Recht op koop van een corporatiewoning biedt kansen

Met dank overgenomen van B.G. (Betty) de Boer i, gepubliceerd op donderdag 5 januari 2012.

In het regeerakkoord is het ‘recht op koop’ opgenomen. Dit houdt in dat huurders van corporatiewoningen het recht krijgen om hun woning tegen een redelijke prijs te kopen. Onlangs is het wetsvoorstel dat het recht op koop gaat regelen naar de Tweede Kamer gestuurd.

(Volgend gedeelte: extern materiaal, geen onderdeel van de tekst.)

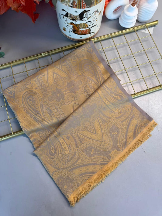 Milano Kendinden Dokulu Çift Taraflı İpek Şal - 8963 - Latte
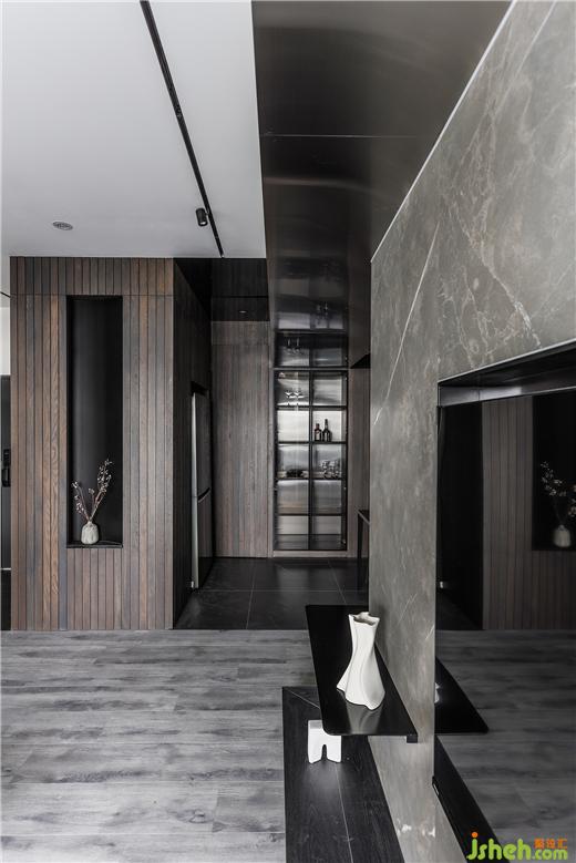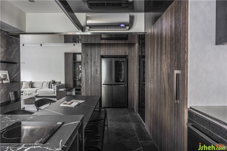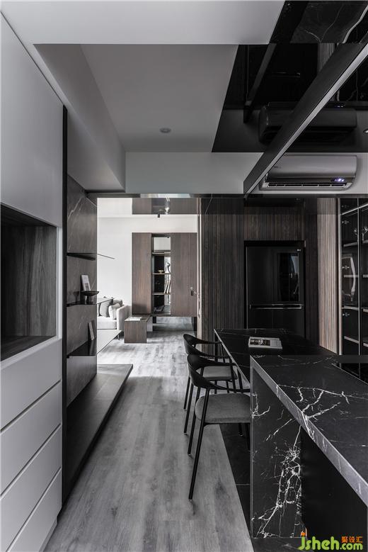 餐廳的氛圍獨特,運用異材質(zhì)本身的低彩度與肌理,鋪陳出沉穩(wěn)內(nèi)斂的質(zhì)地之美。墻面與柜體挑選不同深淺的實木,中島與用餐區(qū)混搭了多種紋樣的石材,一抹霧化的金屬光澤適度的引入,材質(zhì)共融的形式跳脫了呆板的框架,緩和深色空間的沉重感。天花的黑鏡延伸了場域的尺度,倒映著料理時的專注神情,以及共餐時的談笑細(xì)語,生活的想象原來是如此的立體有溫度。
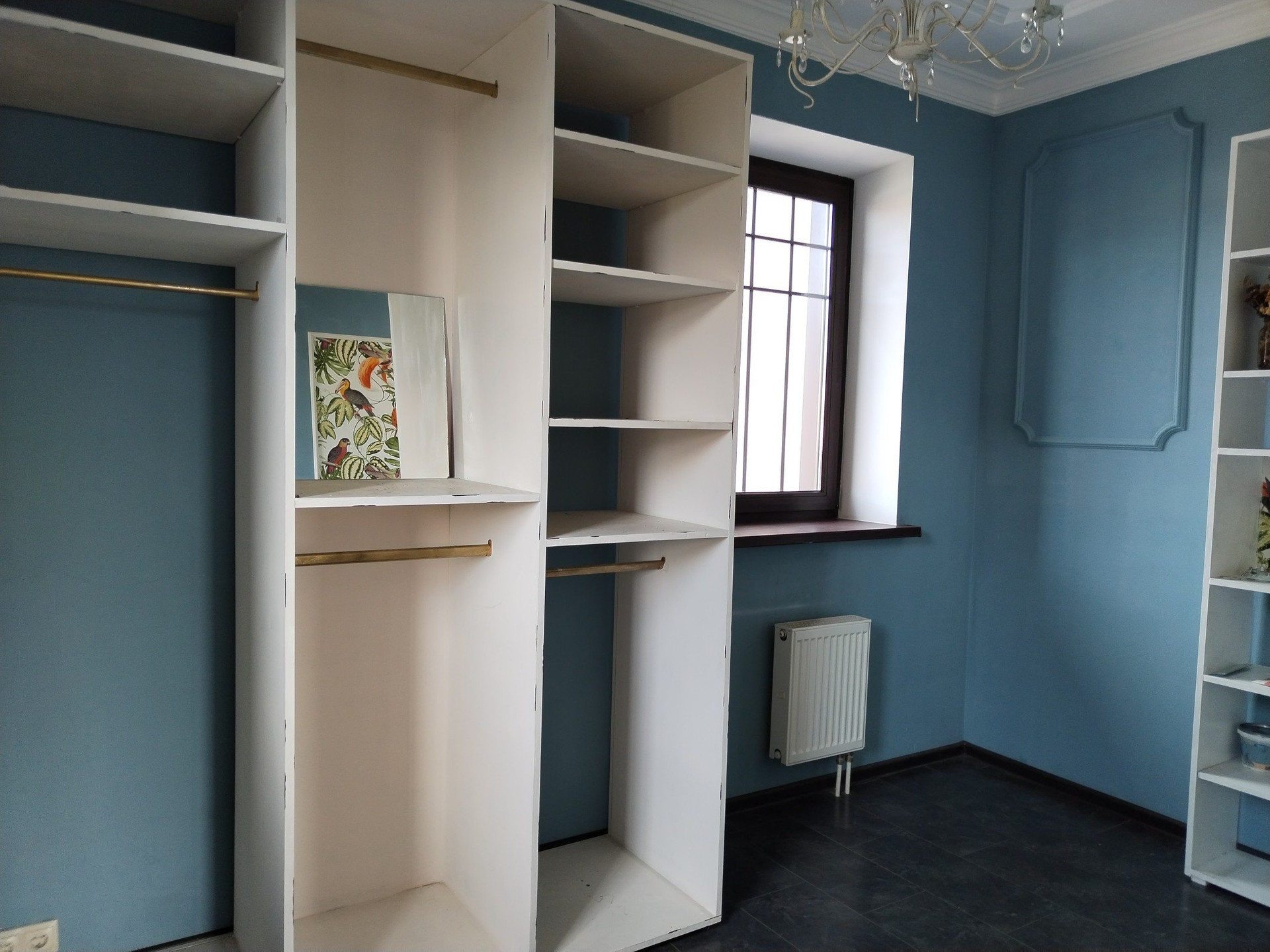 Первый этаж: прихожая, гостинная с кухней, сан узел, спальня, выход на террасу, выход в гараж и в котельную. На первом этаже полы с подогревом (от газового отопления ).

De huidige regeringscoalitie van VVD en CDA, gesteund door de PVV, wil het eigenwoningbezit bevorderen en daarom de verkoop van woningen stimuleren. Vanaf 1985 is het eigen woningbezit gestegen van 42% naar 58%. De stijging heeft voornamelijk plaats gevonden bij de hogere inkomens. Ik ben van mening dat lagere en middeninkomens ook voor eigen woningbezit in aanmerking moet kunnen komen en dat dit niet alleen is voorbehouden aan de hogere inkomens. Mensen bouwen met de afbetaling van de eigen woning een stukje vermogen op dat ze op hun 67ste aan hun pensioen kunnen toevoegen. Eigen woningbezit is liberaal, sociaal en werkt emanciperend. Een eigen woning geeft een belangrijke verantwoordelijkheid om zorg te dragen voor de instandhouding van het eigendom.

Verkoop van sociale huurwoningen door woningbouwcorporaties moet daarom worden gestimuleerd. Deze verkoop leidt tot een groter aanbod in het goedkopere segment. De VVD-fractie staat daarmee in een traditie, want reeds in de jaren zeventig van de vorige eeuw pleitte de VVD hiervoor.

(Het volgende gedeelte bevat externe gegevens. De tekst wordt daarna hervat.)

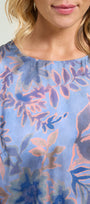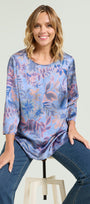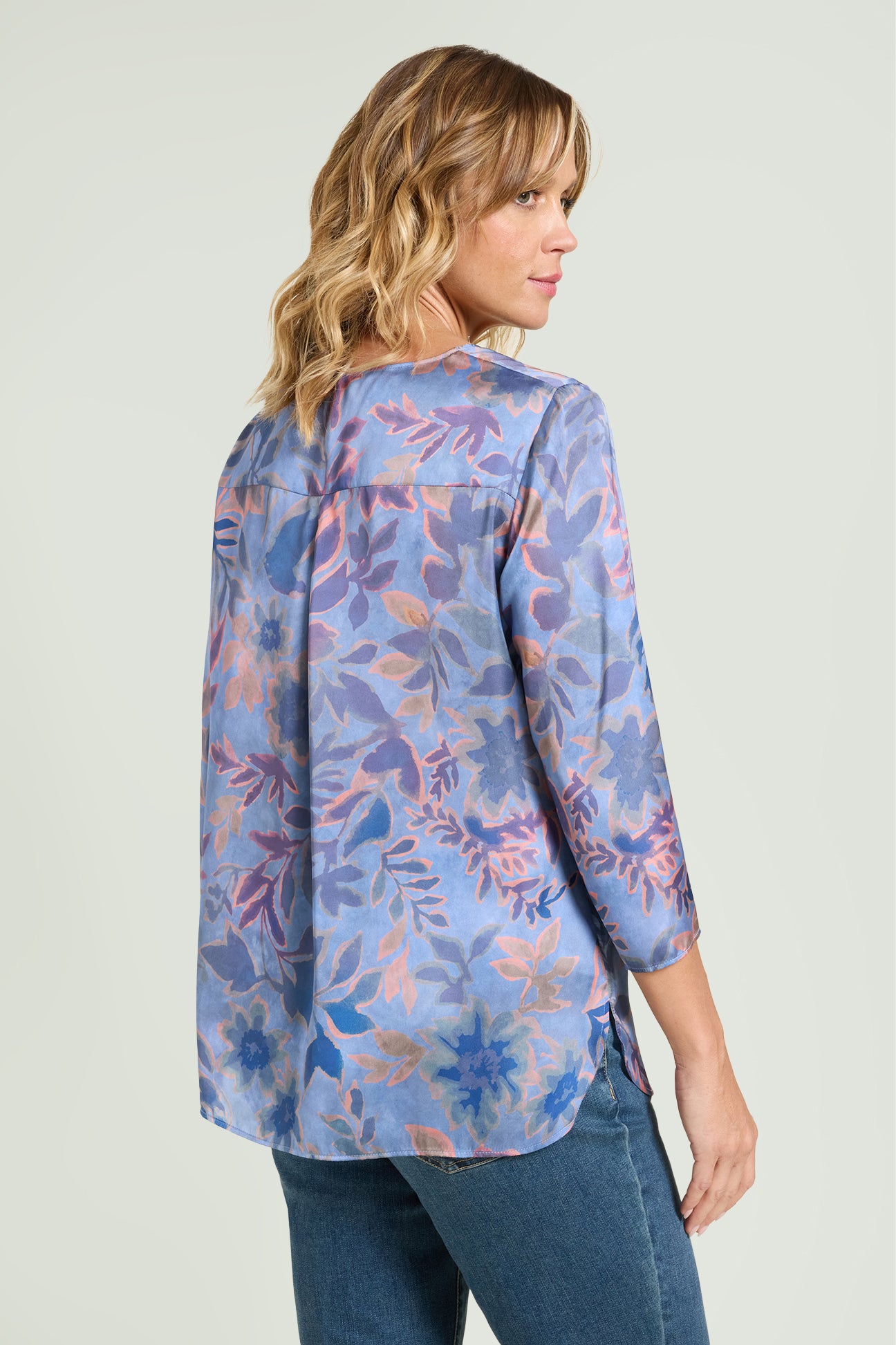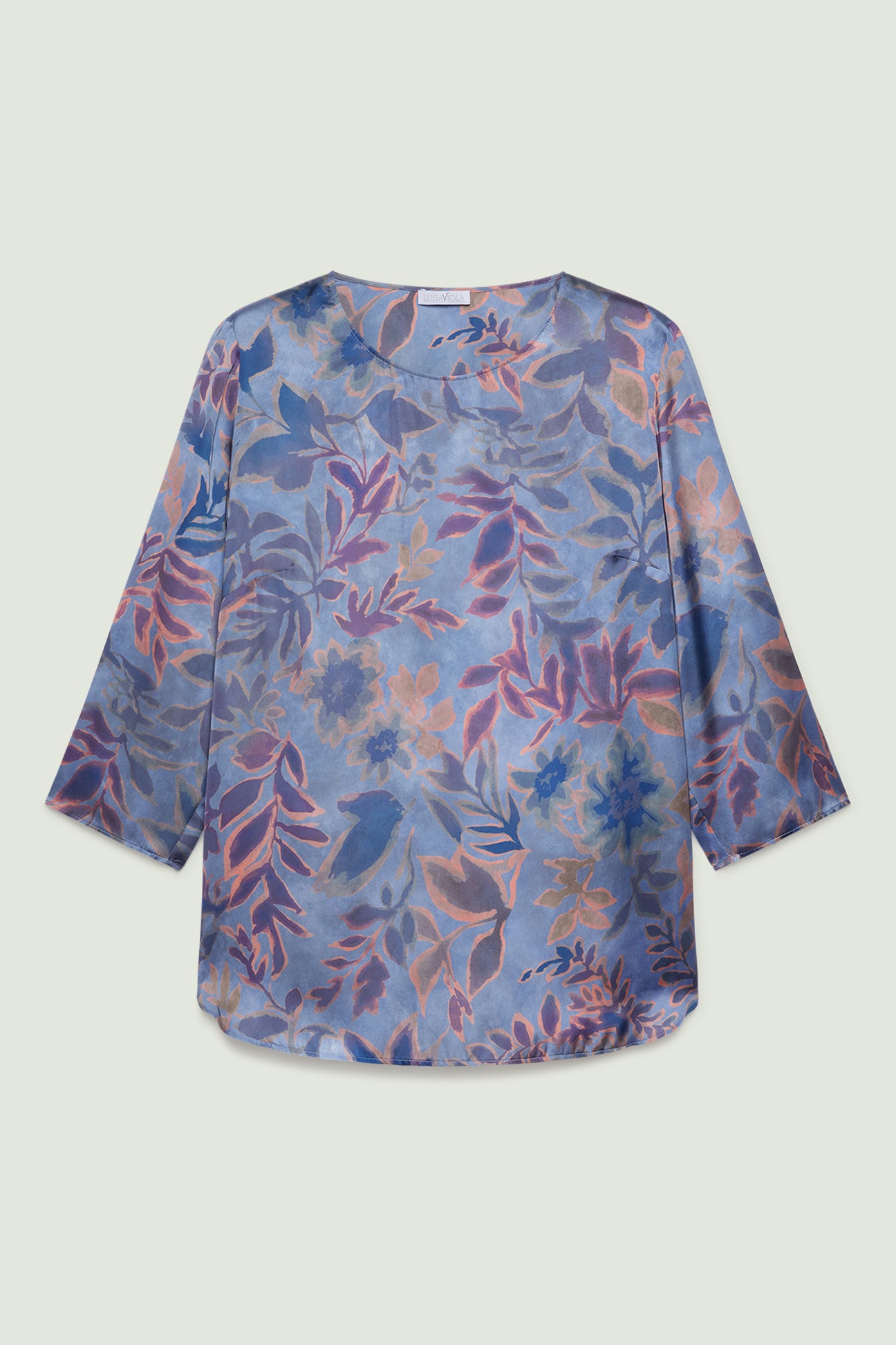 Blusa fantasia in satin stampato. Linea dritta con spacchi laterali stondati, scollatura a barchetta, maniche con lunghezza a tre quarti, dietro con carrè doppio e soffietto.

Het corporatiebezit is bovendien zo’n 700.000 woningen groter dan de doelgroep. In Nederland zijn van de in totaal ruim 7,1 miljoen woningen, 3 miljoen huurwoningen. Van deze huurwoningen zitten maar liefst 2,23 miljoen huurwoningen in de sociale huursector. Dit is ruim 32% van het woningbestand. Nederland telt circa anderhalf miljoen huishoudens met een laag inkomen waarvoor de sociale woningbouw oorspronkelijk bedoeld zou moeten zijn. Er is dus ruimte binnen het corporatiebezit om woningen te verkopen. 200.000 Huurders van een corporatiewoning zouden hun woning graag willen kopen. Ook is bijna een kwart van de huurders op zoek naar een andere woning, waarvan de helft naar een koopwoning. Dit zou omgerekend naar het aantal huurders een aantal zijn van 375.000. Dit laatste is gebleken uit onderzoek van de Vereniging Eigen Huis.

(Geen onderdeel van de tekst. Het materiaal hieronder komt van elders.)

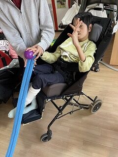 最初は椅子に座って自分でカラーボールを「それ!」と投げて

Het is nu niet zo dat iedere corporatiewoning actief op de markt te koop wordt aangeboden. Dit kan wel gebeuren met een woning die leeg komt, maar dat is nu ook al het geval. Daar verandert het wetsvoorstel niets aan. Het wetsvoorstel regelt dat corporaties 75% van hun bezit te koop aan moeten bieden aan zittende huurders. Woningen voor kwetsbare groepen en ouderen, of woningen die moeten worden geherstructureerd kunnen worden uitgezonderd van de aanbiedingsplicht. De huurder kan kiezen of hij of zij de woning wil kopen, danwel wil blijven huren. Deze keuzevrijheid is belangrijk. Niet iedere huurder zal de woning willen of kunnen kopen. Dit geldt voor de krimpregio’s, maar dit geldt evenzozeer voor de tuinwijken in Amsterdam. Het is geen koopplicht.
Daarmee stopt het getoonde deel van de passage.